O que se chama de desregulação é, na prática, uma decisão regulatória como qualquer outra. Trata-se de uma escolha que aposta na autorregulação das empresas e reparte o ônus do Estado em favor de quem já ocupa o mercado. A suposta liberdade total no ambiente digital nunca foi ausência de Estado, mas sim uma decisão sobre em favor de quem o Estado decide não agir.

Esse mesmo modelo, quando a geopolítica entra em cena, mobiliza a coerção estatal com uma intensidade que nenhuma regulação de risco alcançaria. A cláusula de segurança nacional funciona como uma porta aberta que autoriza o poder público a interromper o que considerar necessário, sem o crivo técnico que se exigiria de uma autoridade reguladora independente. O caso norte-americano, portanto, não é um modelo a ser seguido, mas sim a prova de que, onde falta regra qualificada, o que sobra é o arbítrio.

A professora Ana Frazão, citada no texto original, oferece uma chave de leitura importante para desarmar esse debate. Segundo ela, a opção não deve ser entre regular ou não regular, nem entre regular mais ou menos.

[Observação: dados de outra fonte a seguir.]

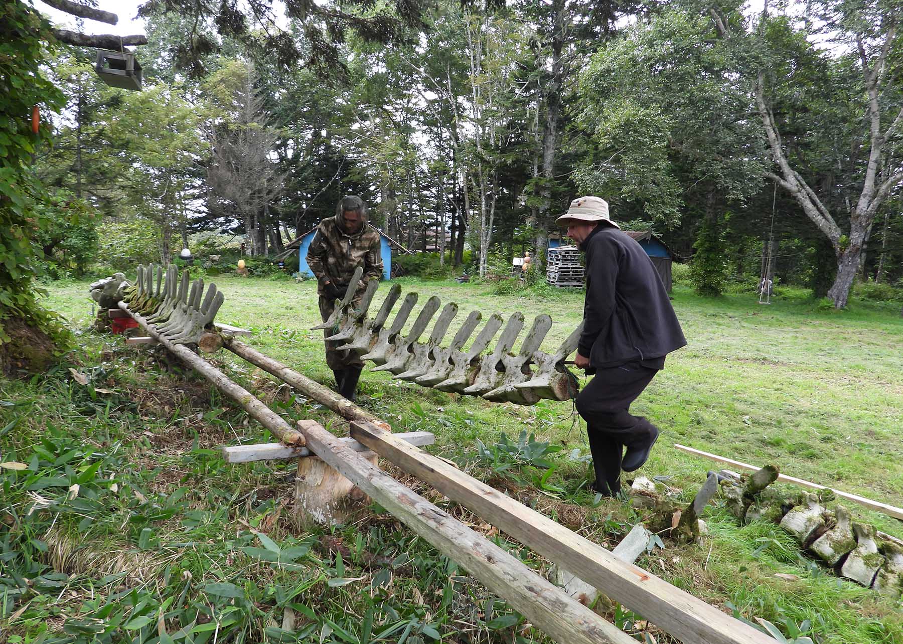 Семейная пара Елена и Борис Баркановы приехали к нам с соседнего острова Итуруп. Работали на Северном участке заповедника «Курильский». Они участвовали в рейде на нерестовых реках, занимались орнитологическими учётами, провели реконструкцию арт-объекта из позвонков китов на территории кордона «Саратовский».

O fundamental é regular de modo adequado, deslocando a discussão do eixo quantitativo para o qualitativo: qual regra, e a serviço de quê.

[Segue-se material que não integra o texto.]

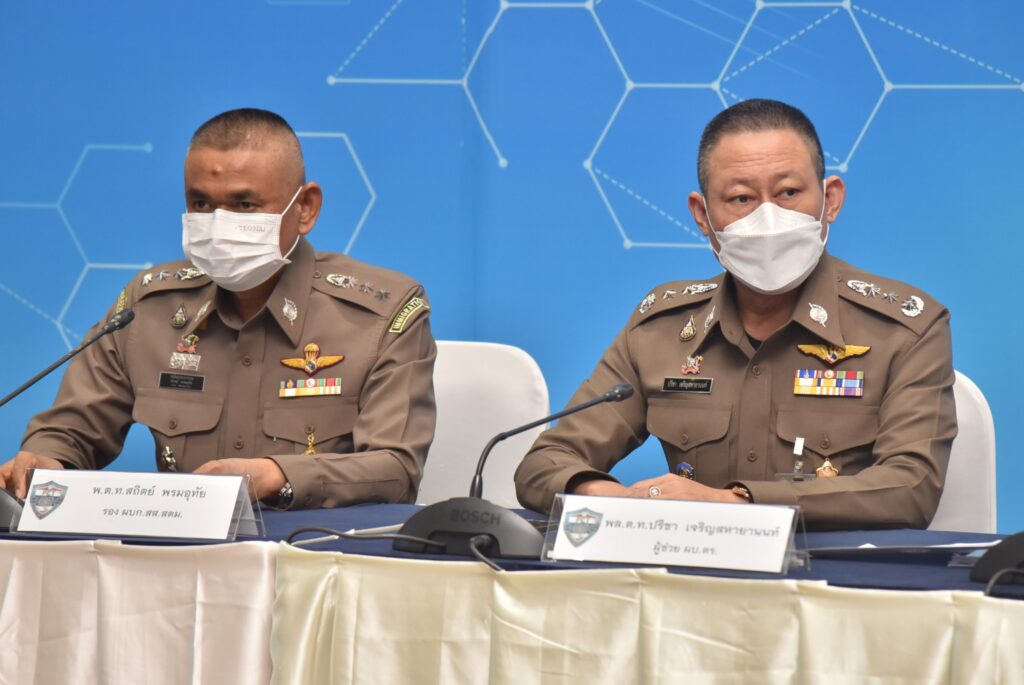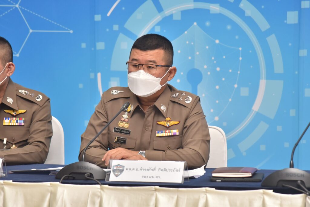 เมื่อวันที่ 23 พ.ย.64 เวลา 11.30 น. : พล.ต.อ.ดำรงศักดิ์ กิตติประภัสร์ รอง ผบ.ตร. ในฐานะผู้อำนวยการศูนย์ปราบปรามอาชญากรรมทางเทคโนโลยีสารสนเทศ สำนักงานตำรวจแห่งชาติ (ศปอส.ตร.) หรือ PCT พร้อมด้วย พล.ต.ท.ปรีชา เจริญสหายานนท์ ผู้ช่วย ผบ.ตร.,พล.ต.ท.ชยพล ฉัตรชัยเดช ผู้ช่วย ผบ.ตร.,พล.ต.ต.ไตรรงค์ ผิวพรรณ รอง ผบช.น,พล.ต.ต.พันธนะ นุชนารถ ผบก.สส.สตม. ร่วมกันแถลงผลการจับกุมผู้ต้องหาขบวนการหลอกลงทุนในแพลตฟอร์มคำสั่งซื้อ KING POWER (THAILAND)ความเสียหายกว่า 10ล้านบาท”

A ausência de regulação também não favorece a inovação, como costumam argumentar os críticos de marcos regulatórios. Pelo contrário: o vácuo normativo pode facilitar o entrincheiramento de agentes econômicos poderosos, dificultando uma dinâmica competitiva saudável. Na prática, a falta de regulação não abre o jogo, mas o fecha em torno de quem já domina o mercado. O agente que mais lucra com a ausência de obrigações é o incumbente, enquanto o novo entrante — origem habitual da inovação disruptiva — é quem depende de previsibilidade jurídica para investir e competir.

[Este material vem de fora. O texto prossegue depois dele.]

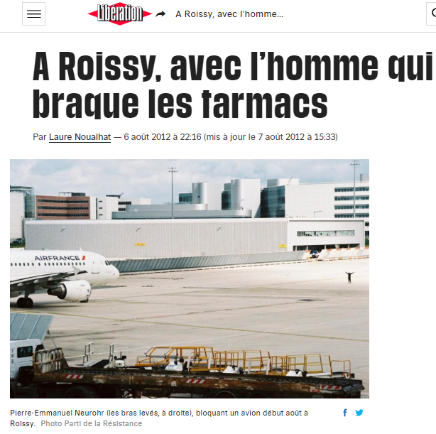 Alexandre-Reza Kokabi n'est pas le premier journaliste à suivre des militants tenter de bloquer des avions sur un tarmac. Ancien salarié de Greenpeace, Pierre-Emmanuel Neurohr a plusieurs fois, dans les années 2010, surgi sur des pistes d'aéroports pour tenter d'empêcher des avions de décoller. En 2012, un photographe de presse indépendant, Martin Leers, le suit sur une action, et capture la scène. Il vend par la suite ses photos à l'AFP. "À ce moment-là, je n'avais pas été placé en garde à vue, tout simplement parce que j'avais quitté le tarmac avant l'arrivée de la police", explique à ASI le spécialiste des questions environnementales, aujourd'hui à la tête du site Le Journal de l'énergie. Le photojournaliste craignait en effet, s'il était arrêté, de voir son travail disparaître avant même d'avoir été diffusé.

No Brasil, o lobby das grandes empresas de tecnologia não pede propriamente a ausência de lei, mas sim a lei inócua. Iniciativas anteriores ao Projeto de Lei 2338/2023 propunham regular por meio de normas genéricas e principiológicas que os próprios agentes poderiam cumprir com enorme maleabilidade e conforme seus interesses. A lei vaga é a vitória do lobby disfarçada de prudência, porque entrega a aparência de regra sem qualquer substância. Onde não há norma pública, alguém continua editando normas — só que sem mandato, sem processo e sem prestação de contas.

O Projeto de Lei 2338/2023, que em sua gênese foi inspirado na regulação baseada em riscos, não é uma proposta que limita a inovação. Pelo contrário, ele adere à corrente regulatória que ganha terreno justamente porque a aposta na autorregulação fracassou onde mais se confiou nela. Contaminar esse debate por narrativas intransigentes em nome da liberdade para inovar seria impor um risco não apenas aos consumidores, mas às próprias empresas, que ficam reféns de interesses políticos variáveis.

O episódio envolvendo a Anthropic nos Estados Unidos demonstra que a regra clara é exatamente o que a indústria reivindica quando diretamente afetada por decisões governamentais arbitrárias. O Brasil ainda precisa definir essa regra em lei, e o faz em um momento em que o debate global sobre governança de inteligência artificial ganha urgência crescente. Regular de modo adequado é menos um freio à inovação e mais a sua condição de possibilidade.